So much has changed, so little has improved two decades after Israel and the PLO signed the Gaza-Jericho Agreement that paved the way for the beginning of limited Palestinian self- rule.
I witnessed first-hand peoples' joy as the Israelis withdrew from the populated centres in the spring of 1994. The arrival in Gaza of PLO leader Yasser Arafat soon after - 20 years ago this month - seemed to open a new chapter in the modern history of Palestine and Israel. Even the sceptics and the Islamists couldn't hide their pleasure at seeing the back of their Israeli tormenters.
Alas, they didn't go far.
Israel had redeployed its military among the Palestinian camps and towns where it maintained a few illegal Jewish settlements along with their fences and swimming pools.

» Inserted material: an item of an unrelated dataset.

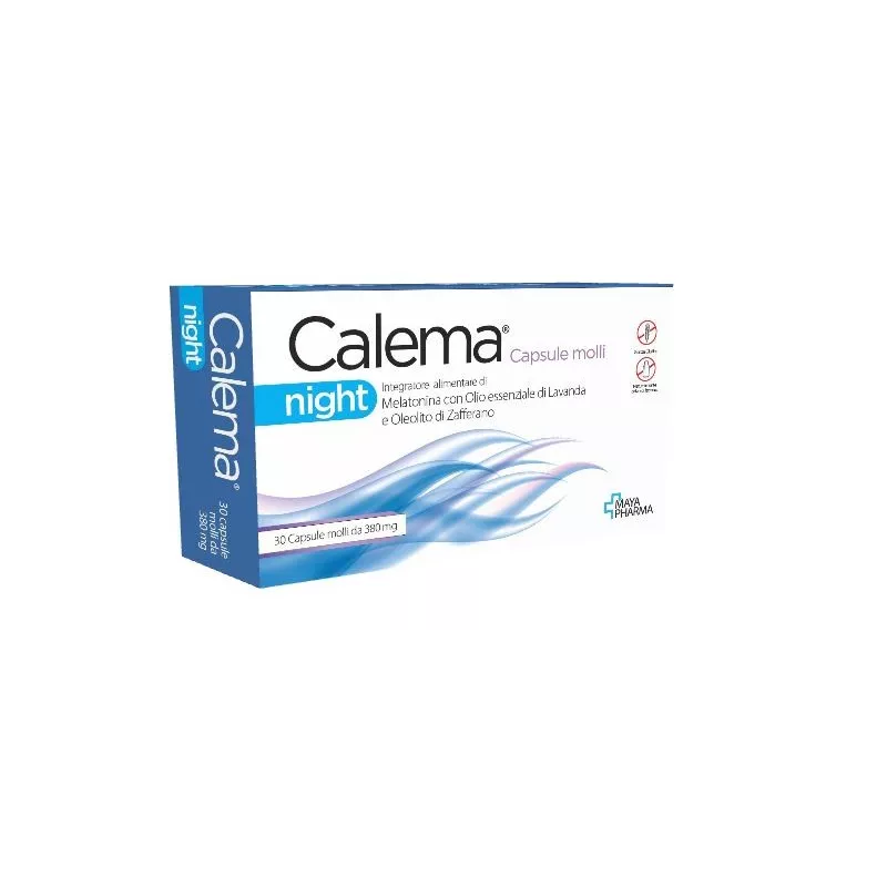La melatonina contribuisce alla riduzione del tempo richiesto per prendere sonno. L'effetto benefico si ottiene con l'assunzione, poco prima di coricarsi, di 1 mg di melatonina (pari a 1 capsula molle di Calema night). La lavanda è utile per conseguire uno stato di rilassamento.

The signed agreement stipulated that the 5,000 or so settlers would continue to control 40 percent of the strip while more than a million Palestinians were squeezed into less than 60 percent of Gaza, home to the oldest, most impoverished refugee camp.
This lopsided vision of peace persisted in the following six years. The Palestinians signed multiple transitional agreements, only to see their freedoms and territory shrink with each internationally celebrated ceremony. The "peace of the brave" was slowly exposed as the peace of the reckless - short on peace, long on process, and culminating in ever more frustration, hostility and violence.
Since its inception in 1993, the Oslo Process was based on an imbalance of power. It reflected Israel's strategic superiority to dictate certain terms, but also its inability to impose its will on the defiant Palestinians who refused to surrender.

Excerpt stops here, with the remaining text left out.